All images and data shown here and in our image galleries are obtained by the manual protocol described below. Other protocols resulting in equivalent staining are described as well.
Manual protocol
Freshly cut sections should be used (less than 10 days between cutting and staining). Heat-induced antigen retrieval for 5 minutes in an autoclave at 121°C in pH 7,8 Target Retrieval Solution buffer. Apply HMV315 at a dilution of 1:200 at 37°C for 60 minutes. Visualization of bound antibody by the EnVision Kit (Dako, Agilent) according to the manufacturer’s directions.
Potential Research Applications
- CD32B is being evaluated as a drug target protein for B-cell Non-Hodgkin’s lymphoma and for immune response modulation.
- The role of CD32B in intravenous Ig therapy is substantial and not sufficiently clarified.
- Numerous CD32B agonists and antagonists are under development and are being evaluated for clinical utility.
Evidence for Antibody Specificity in IHC
There are two ways how the specificity of antibodies can be documented for immunohistochemistry on formalin fixed tissues.
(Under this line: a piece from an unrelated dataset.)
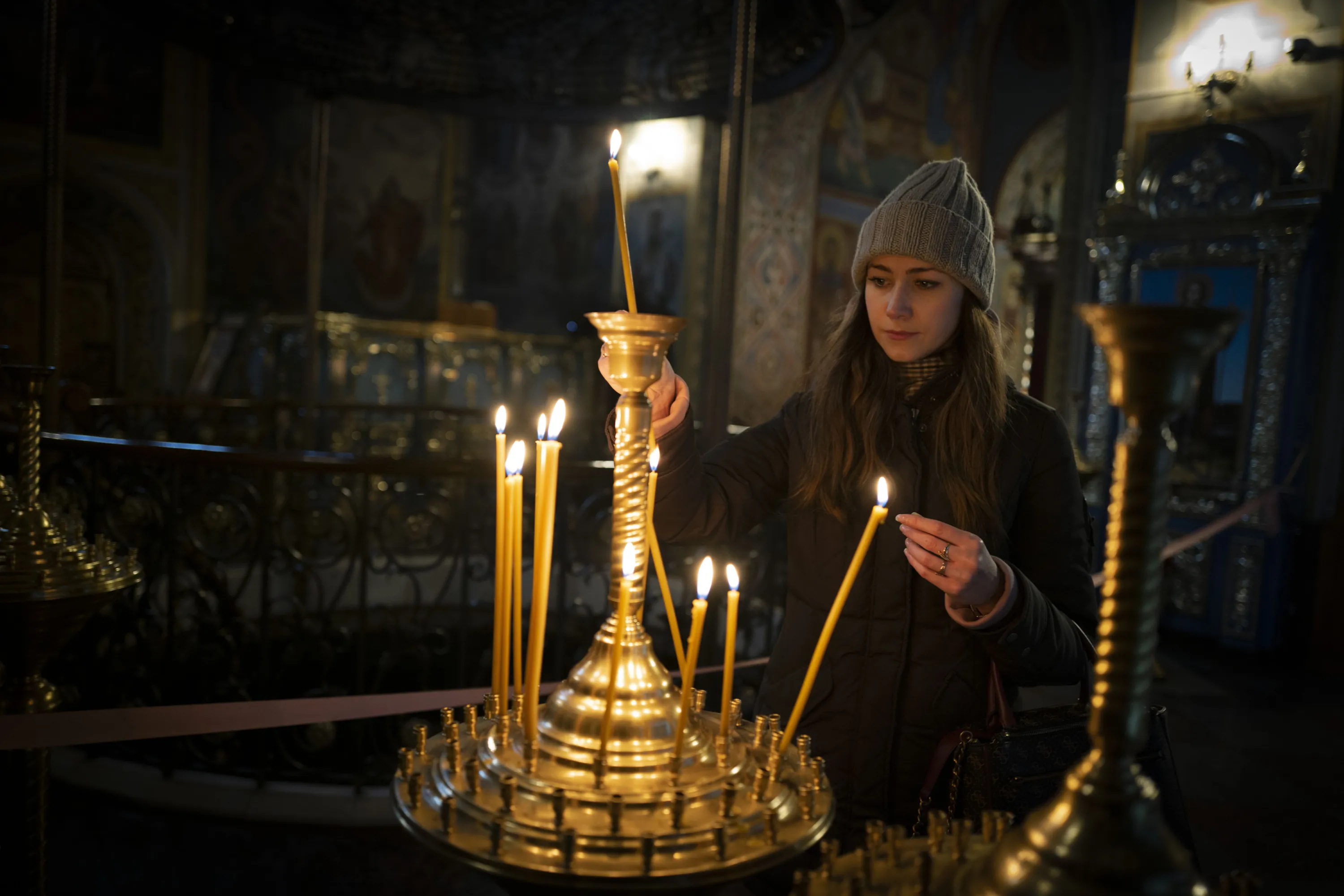 A girl lights a candle before the start of the Orthodox Christmas in the St. Michael's Monastery of Kyiv, Ukraine, Friday, January 6, 2023. Russian President Vladimir Putin on Thursday ordered Moscow's armed forces to observe a 36-hour cease-fire in Ukraine this weekend for the Russian Orthodox Christmas holiday, but Ukrainian President Volodymyr Zelenskyy questioned the Kremlin's intentions. (Photo by Bela Szandelszky/AP Photo)

These are: 1. Comparison with a second independent method for target expression measurement across a large number of different tissue types (orthogonal strategy), and 2. Comparison with one or several independent antibodies for the same target and showing that all positive staining results are also seen with other antibodies for the same target (independent antibody strategy).
Orthogonal validation: For the antibody HMV315 specificity is suggested by the good concordance of the immunostaining data with data from three independent RNA screening studies, including the Human Protein Atlas (HPA) RNA-seq tissue dataset, the FANTOM5 project, and the Genotype-Tissue Expression (GTEx) project, which are all summarized in the Human Protein Atlas (Tissue expression CD32B). In agreement with HMV315 immunostaining data, RNA expression strongly predominated in the placenta while CD32B RNA was also described to occur at significant levels in other organs with significant quantities of CD32B positive cells (liver, tonsil, lymph node, spleen).
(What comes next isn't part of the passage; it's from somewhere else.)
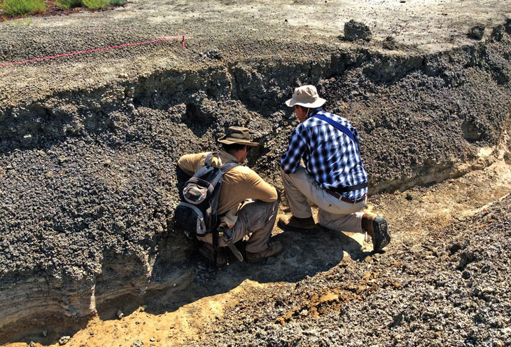 The paper in PNAS does provide evidence that the fossil site opens a window on a key time in Earth’s history. At Tanis, a river once drained eastward from a vast inland sea. Sandy deposits reveal where the meandering river carved a deep channel into the rock. Above that channel lies an unusual rock sequence that DePalma and his colleagues call the “event deposit.” That 1.3-meter-thick layer has two distinct sublayers. The bottom layer has large pebbles at its base and finer-grained sediment toward the top, ending in fine silt. Overlying that is another layer that starts with large sand grains and then gets finer toward the surface. This pattern, and the direction of water flow preserved by the grains, point to massive inundation, DePalma says.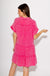 Embrace the airy charm of this Pink Tiered Babydoll Dress! The textured gauze fabric, collared V-neckline, and rolled short sleeves create a feeling of effortless breeziness. The tiered construction adds a touch of playfulness to this mini dress. Perfect for warm weather and casual outings. Not lined.

Comparison of antibodies: True expression of CD32B in all cell types with CD32B positivity by HMV315 is corroborated by an identical staining obtained by a commercially available independent second antibody (termed “validation antibody”).
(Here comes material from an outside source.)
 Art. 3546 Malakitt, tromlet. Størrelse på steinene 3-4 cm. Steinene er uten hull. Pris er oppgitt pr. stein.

Independence of the validation antibody is demonstrated by various additional stainings (smooth muscle, heart muscle, various epithelial cell types) that were only seen by using the validation antibody and not by HMV315. These additional stainings that occurred after using the validation antibody were considered antibody specific cross-reactivities of the validation antibody.